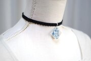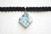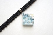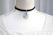 ホワイトとコバルトブルーが描く波紋がまるで水面のような、その透明感の美しさに魅入ってしまうレジンを、ベルベットリボンにタティングレースで装飾を施したチョーカーに仕上げました。
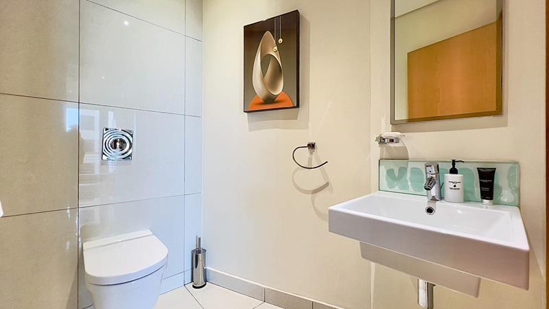 The lavish en-suite bedroom offers a sanctuary of tranquillity, featuring a plush bed, generous closet space, and contemporary fittings. A well-appointed guest bathroom adds convenience, ensuring an exceptional living experience for both residents and visitors.
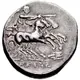 | توضیحات پشت سکه | Nike driving galloping biga right, holding kentron in right hand, reins in left; trident head below horses. |
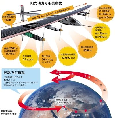整個環(huán)球飛行預(yù)計將耗時四到五個月,進(jìn)行25天左右的飛行。其中包括不使用任何燃油連續(xù)飛行5個晝夜,跨越海洋,從一個洲到達(dá)另外一個洲。整個環(huán)球飛行距離為3.5萬公里。
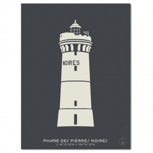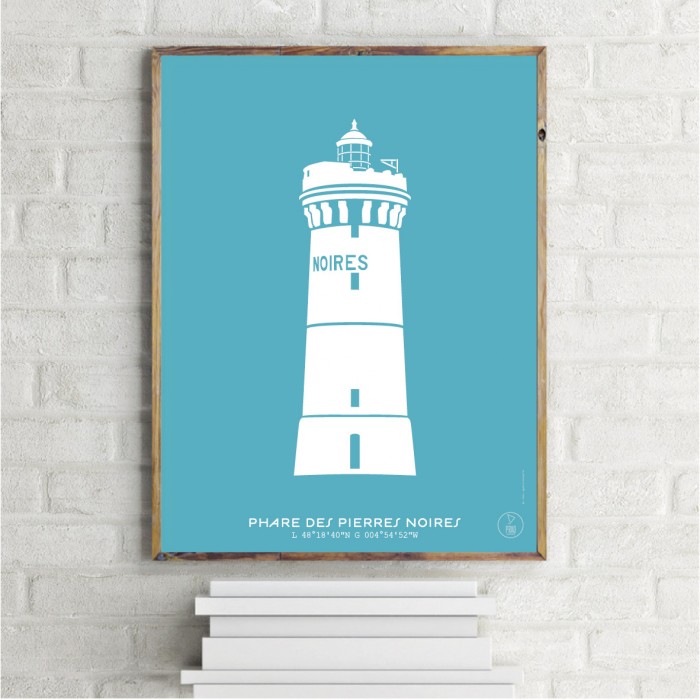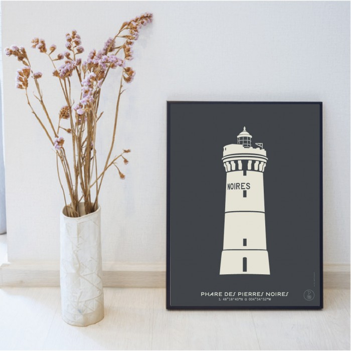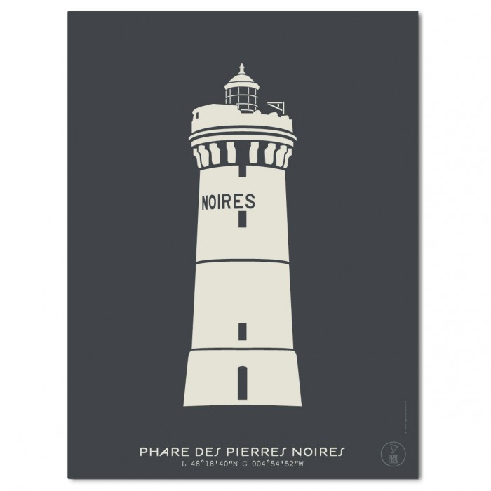 Affiche du phare des Pierres Noires (proche de Brest), créée avec le style minimaliste et moderne du Prao Studio. Imprimée en 30x40 à La Rochelle et disponible en deux couleurs.
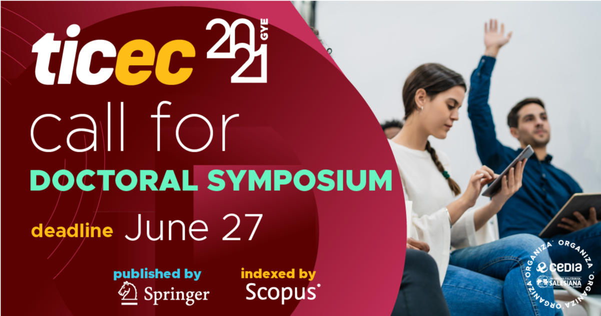 TICEC, crea la primera edición del Simposio Doctoral en Tecnologías de la Información y Comunicación – DSICT 2021. Este evento da la bienvenida a estudiantes y candidatos doctores a presentar los avances de su investigación mediante la presentación y publicación de artículos científicos en este encuentro que reúne a expertos nacionales e internacionales en las áreas de las TIC´s y sus aplicaciones. Mira nuestros ejes temáticos de la conferencia.El doctorando se beneficiará de la retroalimentación y comentarios por parte de nuestro comité científico internacional y de un certificado de participación como expositor en el evento. La publicación de los artículos presentados se realizará en un volumen exclusivo del DSICT 2021 perteneciente a la series Lecture Notes in Electrical Engineering de Springer (indexado por Scopus).

**WHAT THE TASK ASKS:**
The output must start at the line holding "Affiche du phare", end at the last line of the listing above, and show each line exactly; please omit all pictures.

**EXERCISE ANSWER:**
 Affiche du phare des Pierres Noires (proche de Brest), créée avec le style minimaliste et moderne du Prao Studio. Imprimée en 30x40 à La Rochelle et disponible en deux couleurs.
 TICEC, crea la primera edición del Simposio Doctoral en Tecnologías de la Información y Comunicación – DSICT 2021. Este evento da la bienvenida a estudiantes y candidatos doctores a presentar los avances de su investigación mediante la presentación y publicación de artículos científicos en este encuentro que reúne a expertos nacionales e internacionales en las áreas de las TIC´s y sus aplicaciones. Mira nuestros ejes temáticos de la conferencia.El doctorando se beneficiará de la retroalimentación y comentarios por parte de nuestro comité científico internacional y de un certificado de participación como expositor en el evento. La publicación de los artículos presentados se realizará en un volumen exclusivo del DSICT 2021 perteneciente a la series Lecture Notes in Electrical Engineering de Springer (indexado por Scopus).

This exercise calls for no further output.